2) For basic things like a new computer mouse and keyboard, and the occasional January Sale blink-and-it's-gone bargain, the nearest best option is probably the Office superstore on the eastern edge of Festival Park. (Update, it closed in spring 2019.)

3) For PC owners and courier-phobics, who need something more substantial and delicate (a new hard-drive, monitor or even a new PC), the best local alternative option is probably now Overclockers in Newcastle-under-Lyme. Overclockers are a well-regarded national PC-centric gaming hardware company, with HQ and public counter and display-space on the outskirts of the town. They make some good value gaming PCs, and have just this month taken the plunge into making well-reviewed graphics workstations for home office-based artists, graphic designers and 3D animators.

Ponies by the yard

You couldn't make it up. 13 year-old girl in Stoke-on-Trent orders a 'free pony' on the internet. Said pony actually arrives, and is left in the back yard of her Nan's house in Ford Green, giving the girl's Nan quite a surprise. Pony gets named 'Melvin'. And presumably, but the look of him, gets a bit of a trim and a wash.

Hopefully they can do a crowdfunder now, to pay for the vet's bills and a nice field.

Update: Melvin has now been taken in by Penny Farm Horse rehabilitation centre, near Blackpool.

Wednesday 9 May 2018

On the stump

The Labour loons at Sheffield City Council "decided to destroy 17,500 trees, half the city's total" by felling, on the grounds of "health and safety". Now the latest news reports that "the entire enterprise has been suspended" — but only on the grounds that Council workers might get hurt and sue the Council. You couldn't make it up.

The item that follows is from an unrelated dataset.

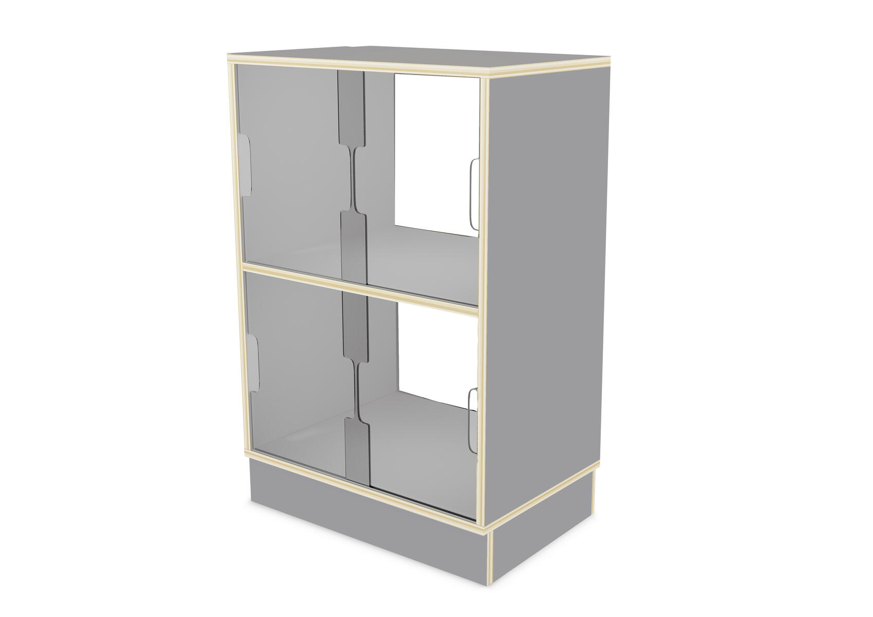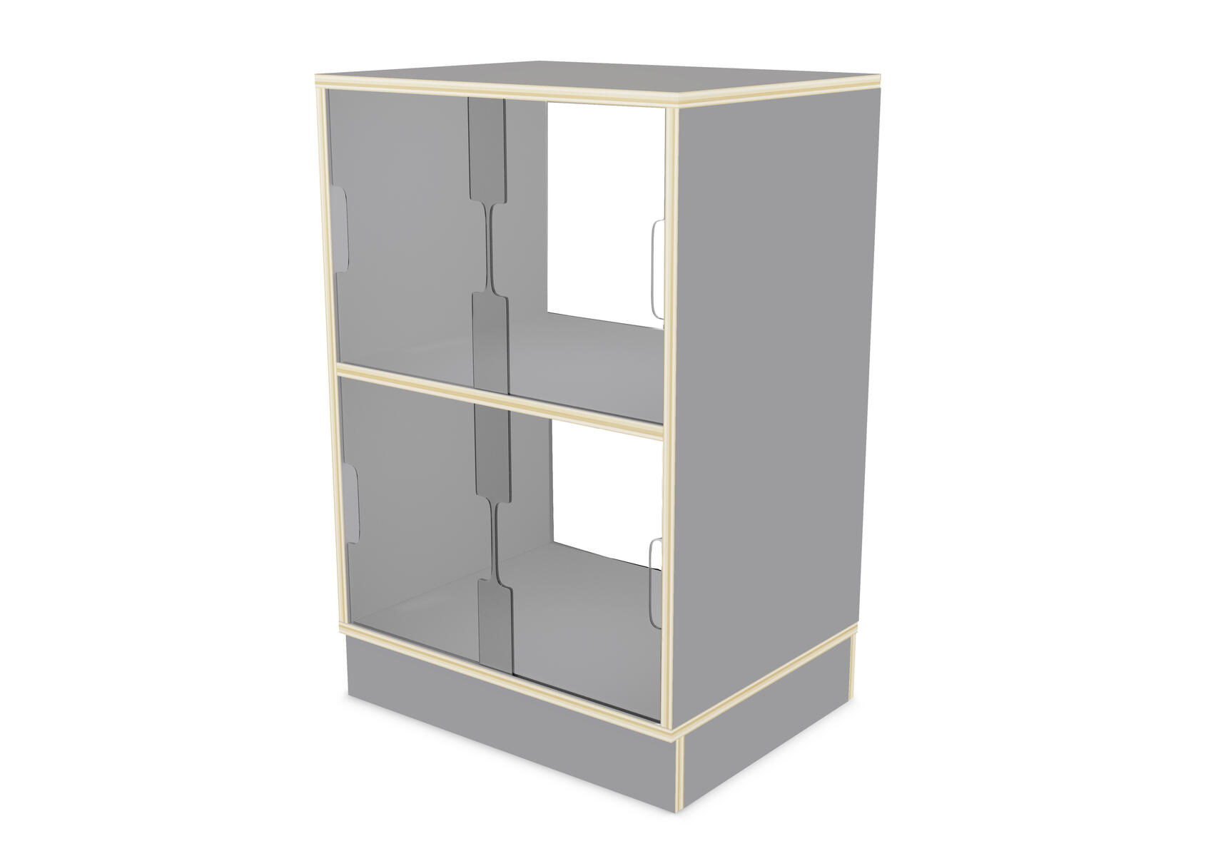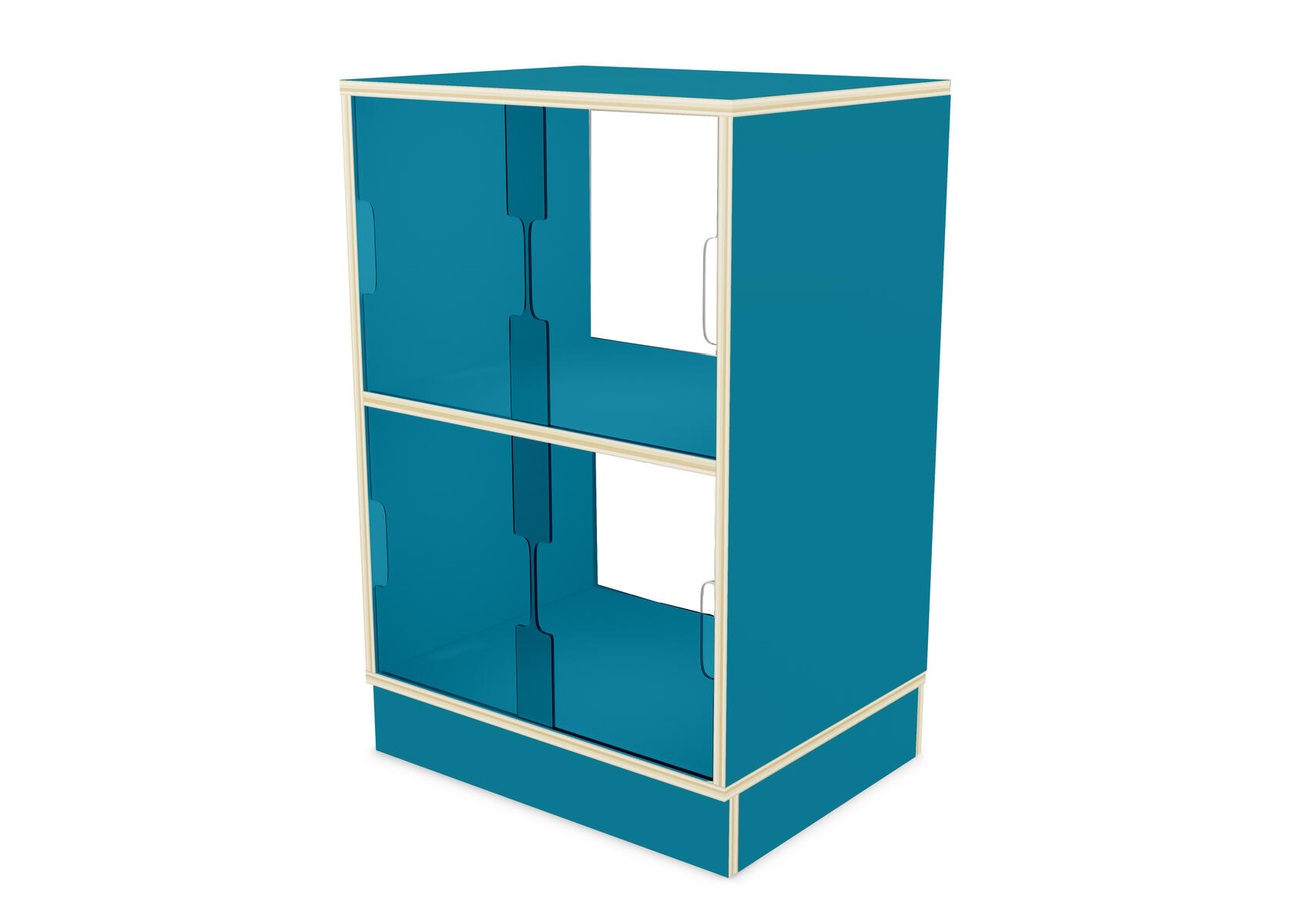 Färdig modul i två djup, 36 och 46 cm. Skjutdörrar i plexi med två skjutdörrar. Baksida i plexi. Köp gärna till till hjul, sockel, ben eller benstativ. Vid hjul, använd de som innehåller två fasta och två rörliga. Gjord i 16 mm björkplywood. Färger med HT är med högtryckslaminat. Björk och vitpigmenterad är helt i 18 mm plywood. Mått: B59xH79 cm. Djup i 36 eller 46 cm.

The Councillor and Cabinet Member for Environment responsible has just resigned, though, so there may now be some slim hope that the mad programme will be halted for good.

Friday 4 May 2018

Taking the NOCs

Ah well, very little change from yesterday's local elections. Stoke-on-Trent wasn't voting this time around and, despite all the hoo-haa, locally it all stays the same in terms of control of councils ranging from Sandwell in the south to Stockport in the north.

Although there was a little action on the fringes of Birmingham. Apparently Walsall is now set to be run by the Conservatives, despite 'no overall control'. And a little further away in the West Midlands the Conservatives took Redditch.

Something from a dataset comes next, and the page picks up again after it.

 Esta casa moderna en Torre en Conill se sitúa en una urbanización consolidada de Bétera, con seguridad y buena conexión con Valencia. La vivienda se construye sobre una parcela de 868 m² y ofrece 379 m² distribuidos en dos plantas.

Nearer home there was a slight upset just to the north of Stoke-on-Trent and north-away into Kidsgrove:

"The Conservatives have won two out of the three seats in Kidsgrove and Ravenscliffe".

So the pavement-pounding work put in during the General Election up that way, including bringing in a serving minister (at least twice, I think), may have changed minds and then paid off in a delayed way at the local elections.

The two newcomers add to two existing Conservative councillors, turning Kidsgrove a nice shade of blue. The Conservatives also unexpectedly took nearby Bradwell, which is just across the valley from Ravenscliffe as the crow raven flies.

The count at Newcastle-under-Lyme, next-door to Stoke-on-Trent, appeared to be heavily delayed and then plodded along like a lame donkey for the whole day. But they eventually dragged it across the finishing line before 5pm. More staff needed next time, I'd suggest, to take it at a faster clip. Eventually... no overall control.

So... no national Labour breakthrough, and disappointment for Comrade Corbyn. The Ukip's local councillors almost totally evaporated, just as the national party has. Many Ukip-ers seem to have gone to the LibDems, presumably on the basis that they tend to produce good local councillors, even if nationally they're dubious left-leaning opportunists who are eager to betray Brexit. The widely predicted inner-urban / London collapse for the Conservatives didn't happen, and I hear that the Conservatives even managed to land a new North London councillor.


Update, 16th May: Newcastle-under-Lyme Council is now headed by the Conservatives, despite 'No Overall Control'.